A first polysilicon layer 15 is formed on the semiconductor substrate 11 to cover the field insulating layer 13 by depositing polysilicon doped with impurities by CVD(hereinafter abbreviated CVD). And, a dielectric layer 17 having an ONO structure is formed by depositing silicon oxide, silicon nitride, and silicon oxide on the first polysilicon layer 15 successively by CVD. Referring to FIG. 1B, the dielectric layer 17 and first polysilicon layer 15 are patterned to expose the semiconductor substrate 11 and field insulating layer 13 by photolithography. In this case, the polysilicon layer 15 and the dielectric layer 17 which are not etched but remain become a lower electrode 16 of a capacitor and a dielectric, respectively.
A second polysilicon layer 18 is formed on the semiconductor substrate 11 by depositing polysilicon doped with impurities to cover the field insulating layer 13, lower electrode 16, and dielectric layer 17 by CVD.

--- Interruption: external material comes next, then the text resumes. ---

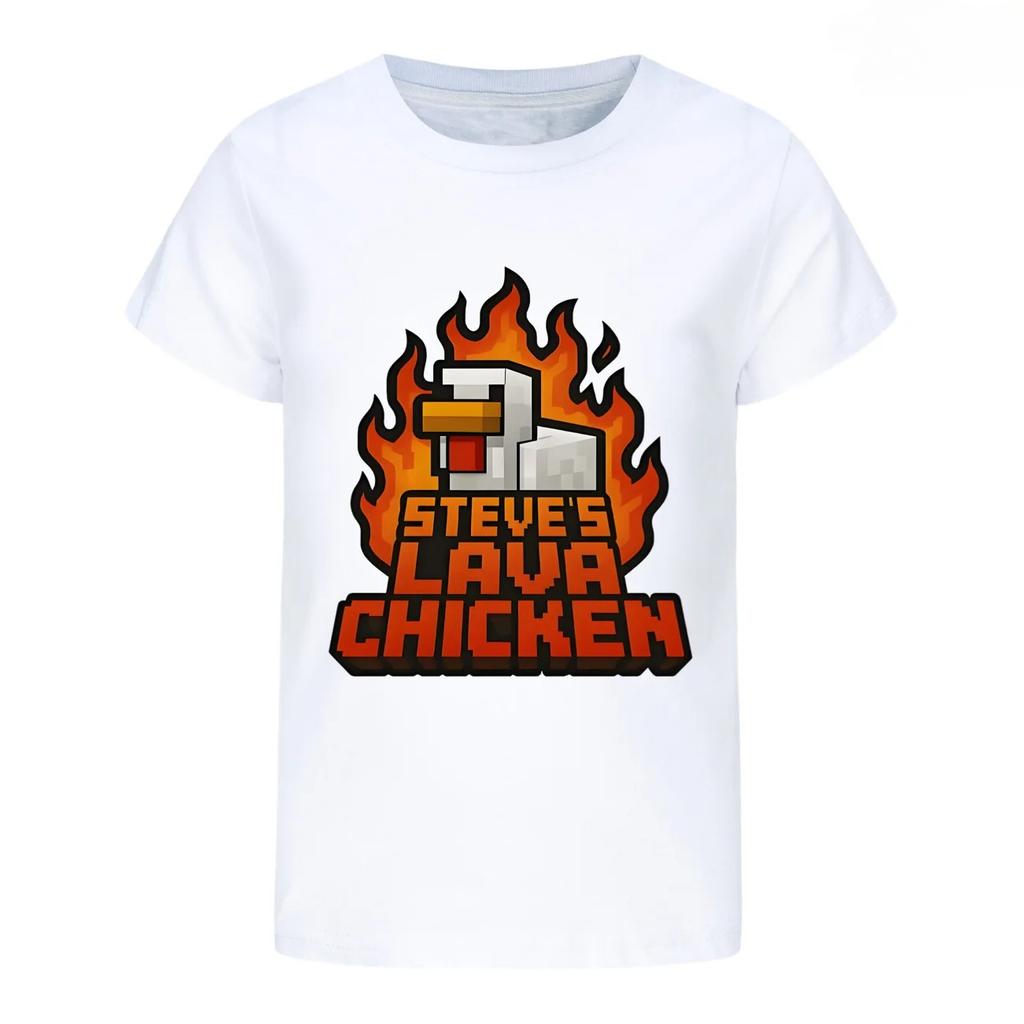 2025 Футболки для девочек Летняя одежда с коротким рукавом Детская мультяшная футболка Костюм курицы лавы Стива Детская одежда с коротким рукавом

Referring to FIG. 1C, an upper electrode 19 is formed by patterning the second polysilicon layer 18 only to remain on the dielectric layer 17 to expose the semiconductor substrate 11 and field insulating layer 13 by photolithography. Thus, the upper electrode 19 constitutes a capacitor with the lower electrode 16 and dielectric layer 17.
As mentioned in the above description, the related art fabricates a capacitor by forming a first polysilicon layer and a dielectric layer on a semiconductor substrate to cover a field insulating layer in order, by forming a lower electrode by means of patterning the layers by photolithography, by forming a second polysilicon layer on the semiconductor substrate to cover the lower electrode and dielectric layer, then by forming an upper electrode by means of patterning the second polysilicon layer to remain on the dielectric layer by photolithography.
Unfortunately, it is difficult to fabricate a plurality of capacitors of various capacitances on the same substrate in the related art because thickness of the dielectric layer is uniform.